Le bon côté des choses était que Père avait forcément dû retenir ce nom qu'il avait tant apprécié, et que la quasi-moitié de ses enfants portaient.

Le mauvais côté, c'était qu'Hephzibah ne savait jamais quand on s'adressait à lui.

« Phzi', tu veux venir voir ma dernière création ? »

Hephzibah allait accepter avec joie, quand une voix le coupa.

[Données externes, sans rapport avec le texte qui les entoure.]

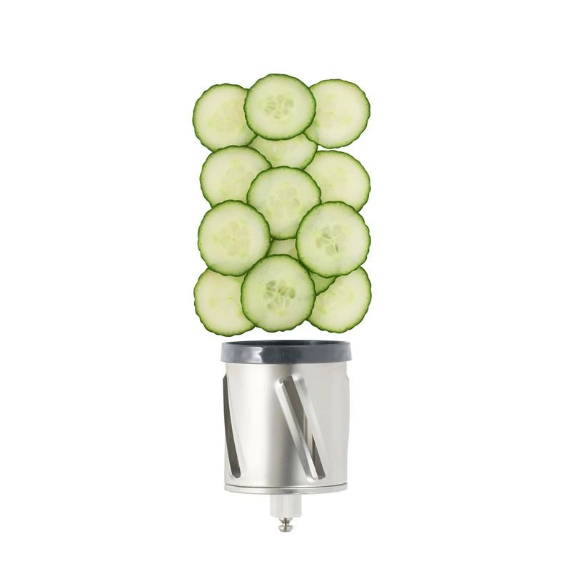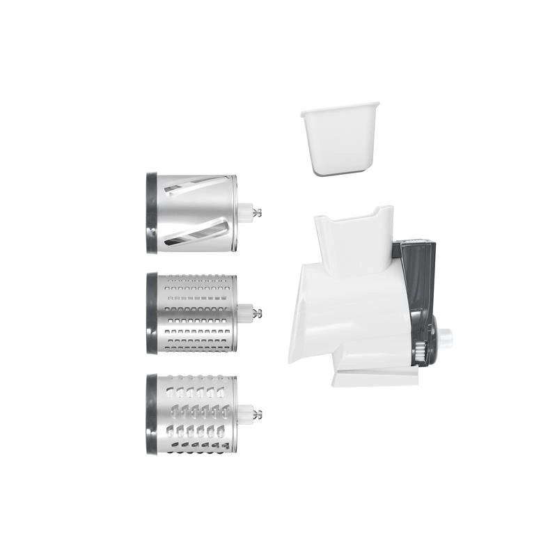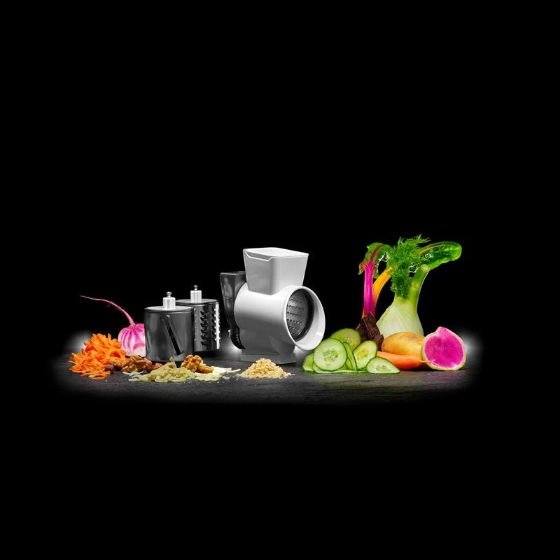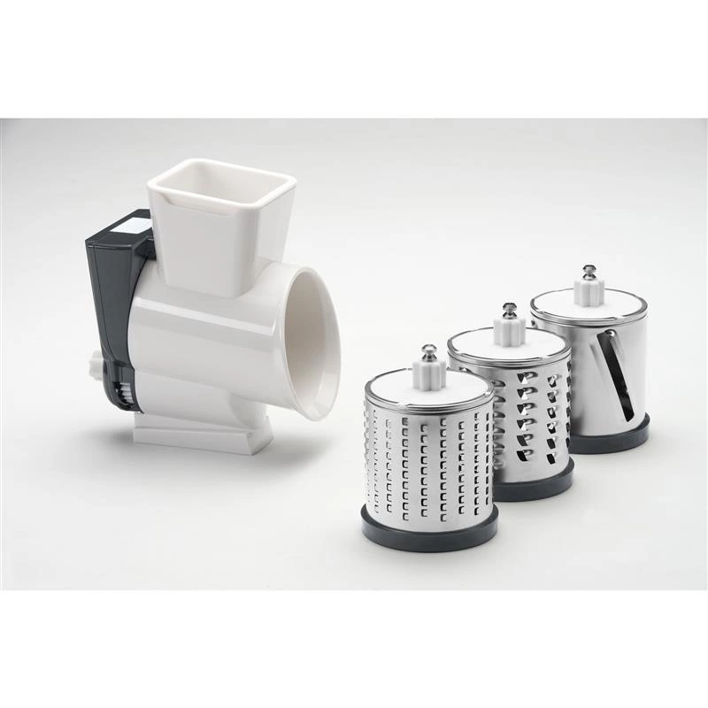 - 3 wymienne wkłady do tarcia: z dużymi oczkami, małymi oczkami i ostrzami do szatkowania

« Oh oui ! Tu l'as enfin terminée ? Montre-moi cette beauté ! »

Pas pour lui. Encore.

« Hephzibah, te voilà ! Je te cherchais partout ! »

Manger. Il allait manger. Ses frères disaient toujours que, lorsqu'il avait le moral dans les chaussettes, il devait manger pour se requinquer.

« Hephzibah ! Je te parle ! »

À partir du moment où il se portait volontaire pour faire la cuisine, il n'y avait aucune raison qu'on lui refuse un encas. Sinon, il irait pleurer chez leur Père.

« Hephzibah ! »

Une main attrapa sa manche et força Hephzibah à lui prêter attention.

« T'es dans la lune ? »

Recouvert d'une fourrure de chèvre, son frère Ren à la queue de cheval toujours raté lui souriait à pleines dents. Qu'il avait assez manquantes. Si Hephzibah perdait une dent en combat, il ferait attention à la ramener pour la lui offrir. Ren n'avalait presque que de la soupe. Ces repas devaient être mornes. En se cotisant avec plusieurs frères et soeurs, ils pourraient peut-être lui faire un dentier.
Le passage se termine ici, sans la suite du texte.